=== Begin Enclosure ===

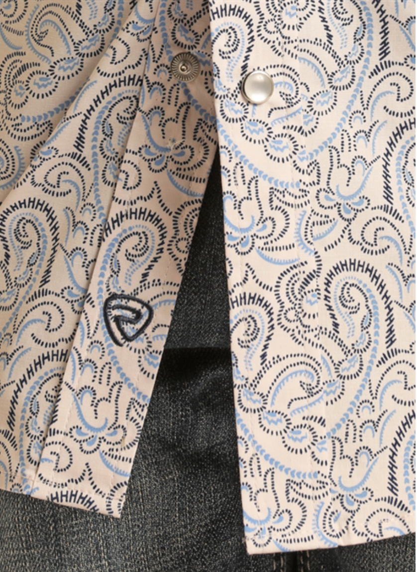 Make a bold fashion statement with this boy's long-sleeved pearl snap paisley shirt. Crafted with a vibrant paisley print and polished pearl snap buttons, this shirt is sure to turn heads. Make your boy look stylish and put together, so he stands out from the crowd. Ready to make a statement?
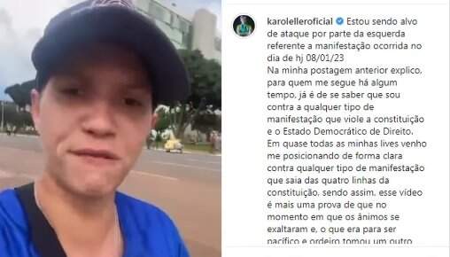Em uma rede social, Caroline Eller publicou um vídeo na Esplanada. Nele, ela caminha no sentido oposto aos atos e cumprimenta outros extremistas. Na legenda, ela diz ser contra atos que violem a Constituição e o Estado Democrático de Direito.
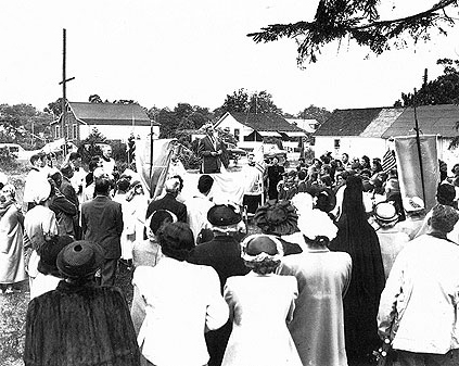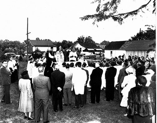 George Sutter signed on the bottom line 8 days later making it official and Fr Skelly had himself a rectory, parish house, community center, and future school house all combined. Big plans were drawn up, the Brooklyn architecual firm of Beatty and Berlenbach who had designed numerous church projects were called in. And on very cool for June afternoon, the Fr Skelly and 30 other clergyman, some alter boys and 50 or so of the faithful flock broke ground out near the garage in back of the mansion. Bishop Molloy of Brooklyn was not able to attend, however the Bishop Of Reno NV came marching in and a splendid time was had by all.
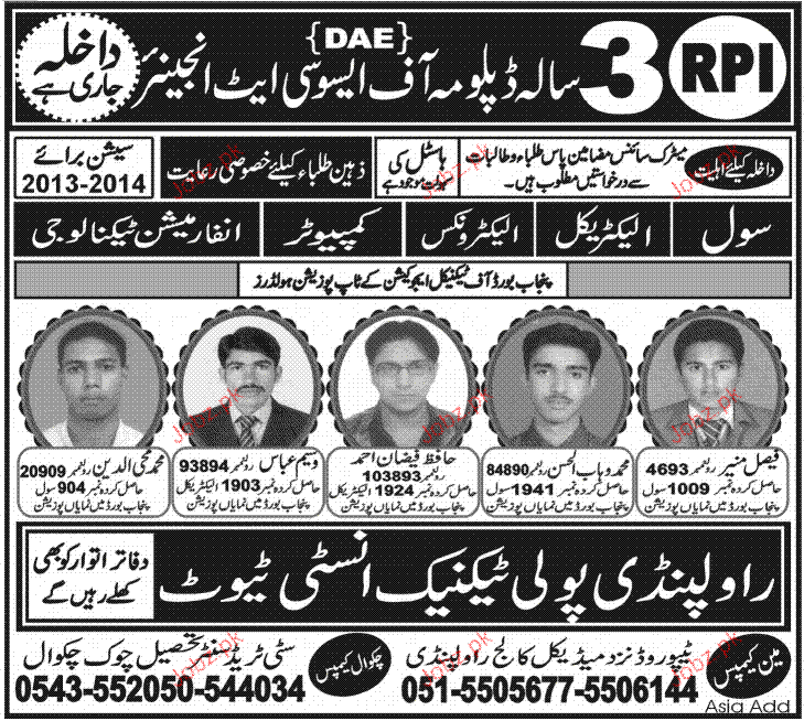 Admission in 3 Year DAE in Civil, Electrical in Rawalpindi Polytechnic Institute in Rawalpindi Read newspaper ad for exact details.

=== End Enclosure ===

All the lines above must be written out exactly, without a single picture.

 Make a bold fashion statement with this boy's long-sleeved pearl snap paisley shirt. Crafted with a vibrant paisley print and polished pearl snap buttons, this shirt is sure to turn heads. Make your boy look stylish and put together, so he stands out from the crowd. Ready to make a statement?
Em uma rede social, Caroline Eller publicou um vídeo na Esplanada. Nele, ela caminha no sentido oposto aos atos e cumprimenta outros extremistas. Na legenda, ela diz ser contra atos que violem a Constituição e o Estado Democrático de Direito.
 George Sutter signed on the bottom line 8 days later making it official and Fr Skelly had himself a rectory, parish house, community center, and future school house all combined. Big plans were drawn up, the Brooklyn architecual firm of Beatty and Berlenbach who had designed numerous church projects were called in. And on very cool for June afternoon, the Fr Skelly and 30 other clergyman, some alter boys and 50 or so of the faithful flock broke ground out near the garage in back of the mansion. Bishop Molloy of Brooklyn was not able to attend, however the Bishop Of Reno NV came marching in and a splendid time was had by all.
 Admission in 3 Year DAE in Civil, Electrical in Rawalpindi Polytechnic Institute in Rawalpindi Read newspaper ad for exact details.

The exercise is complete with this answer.